Naqeebabad Sharif or Astana-e-Aliya Naqeeb Abad Sharif (also referred to as Dargah Naqeeb ul Auliya) is an Islamic Spiritual site located at Lahore-Kasur Highway. The dargah site is famous for being the center of the famous spiritual sufi chain "Naqeebia".

The tombs of Faqeer Sufi Muhammad Naqeeb Ullah Shah and Sufi Muhammad Azmat Ullah Shah are located at Naqeebabad Sharif. The tombs are visited daily by local and foreign visitors. The tombs are constantly surrounded by much recitation of the Qur'an & Zikr (mention of God) by both visitors and locals. In 2016, after the passage of Sufi Muhammad Azmat Ullah Shah, he was buried there, next to the tomb of his father Faqeer Sufi Muhammad Naqeeb Ullah Shah.
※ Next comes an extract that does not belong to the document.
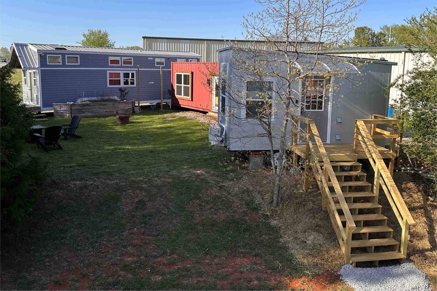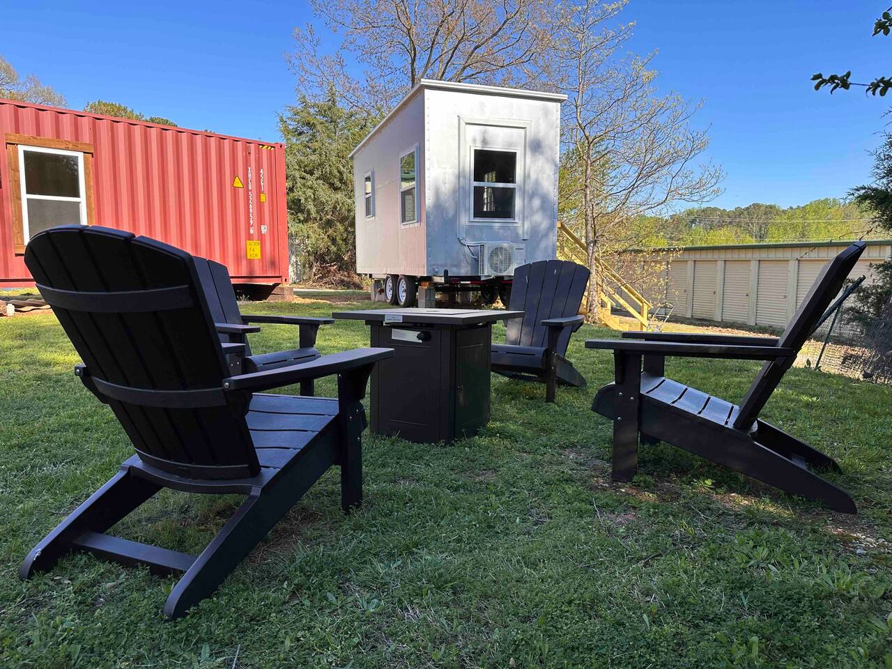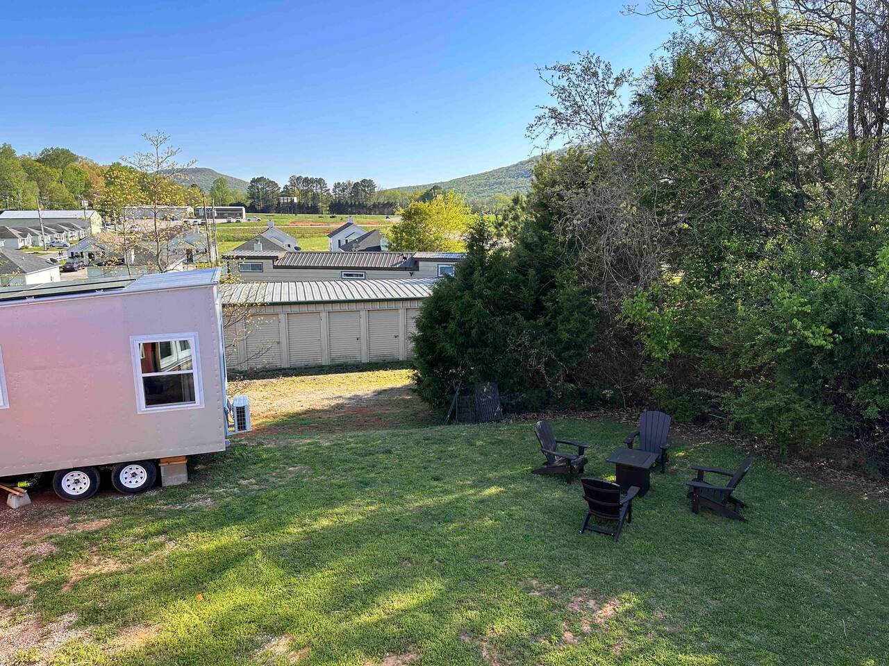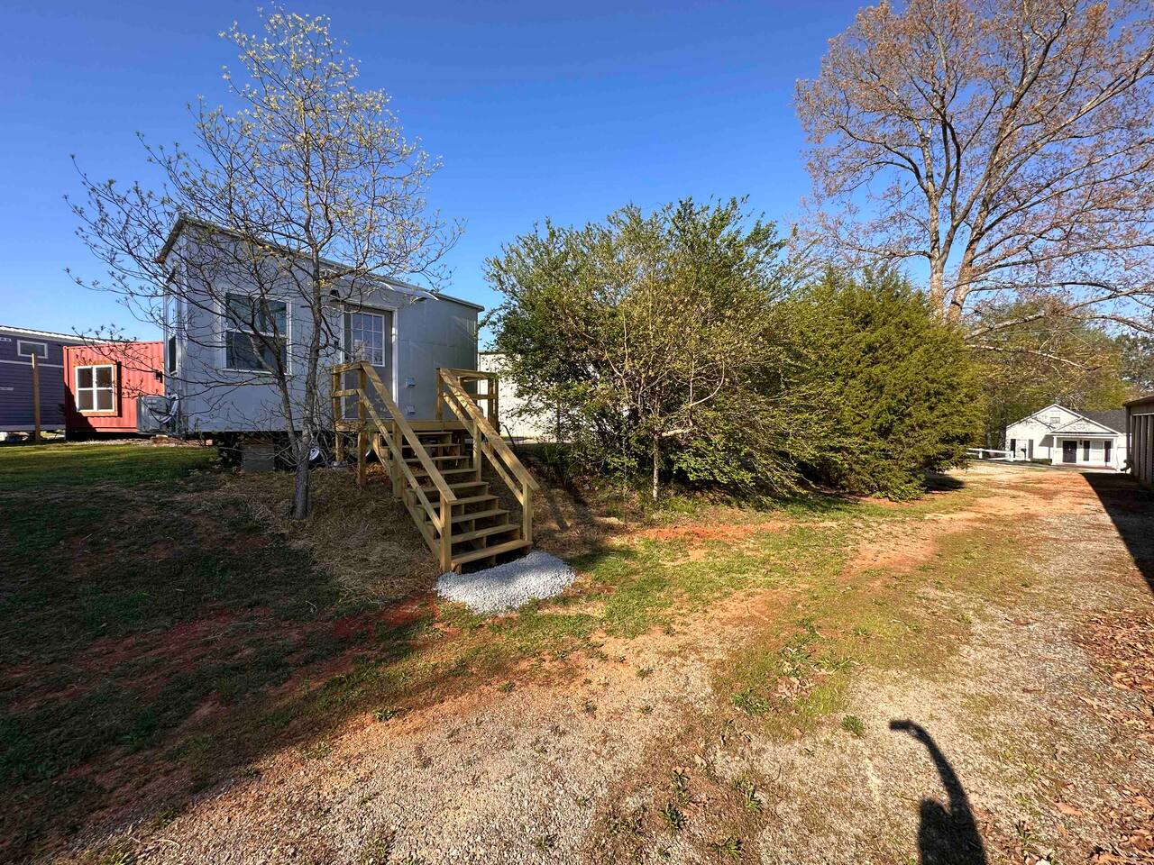 Guests will have full exclusive access and use of the tiny house, private partially-covered tiny deck out front, and access to shared grassy space behind, including raised vegetable garden access, grassy area with fire pit, and gas grill as well as private parking. Space is lined on one side by trees; mini storage building is located in front down below stairs (I use myself only for long-term storage, no one else has access). Great view over top of the mini storage building of Monte Sano and the hills full of trees. A shipping container is located adjacent to the back of the tiny house (future tiny house conversion) and a large metal warehouse is towards the front of the property, which can be seen from the bathroom window, but the home faces toward the back wth a nice view of the wooded hills. The warehouse building is occupied (by myself and my tenant) and there may be other cars parked in front of the warehouse building during business hours (other side of building off street). Very private on back side where tiny house is located near edge of property and tree line. One other tiny house on the other side of the grassy area and raised garden, adjacent to the shipping container, may contain Airbnb guests as well who will share access to the garden, grassy area and firepit or grill (directly behind the raised gardenbed). Parking - please park to the right of the staircase of the spRocket, directly in front of the tiny house. Then just walk up the stairs and enjoy! *Got a Tesla electric vehicle? We have you covered! I have a 60amp Tesla wall charger that you can charge your vehicle with at no cost (up to 11kwh) while staying at the tiny house, just send me a message ahead of time for instructions and access.

The site is also renowned for its Islamic architecture and the Sunheri Naqeebia Mosque, reflecting the Sufi principle that daily prayers are central to spiritual practice in Islam. Constructed by Sufi Naqeeb Ullah Shah, elder son Sufi Qudratullah Shah, and younger son Sufi Habibullah Shah—while son retired Lt. Col. Muhammad Azmat Ullah Shah served in the Pakistan Army until prior to Babajee's passing—the mosque stands as a prestigious representation of Islamic architecture, offering visitors an esteemed view.
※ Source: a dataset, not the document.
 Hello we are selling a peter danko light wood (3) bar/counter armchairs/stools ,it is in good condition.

Following his retirement from the Pakistan Army, Ret. Col. Azmatullah Shah used his influence to assume control of the dargah, sidelining other sons and daughters of Babajee Hazrat Naqeebullah Shah. Backed by groups of murids (followers) and local administration, he consolidated ownership of the astana and its arrangements by manipulating ownership records and titles. He projected himself as the sufi of the astana and removed other sons and heirs from operations following Babajee Hazrat Sufi Naqeebullah Shah's passing in 1995.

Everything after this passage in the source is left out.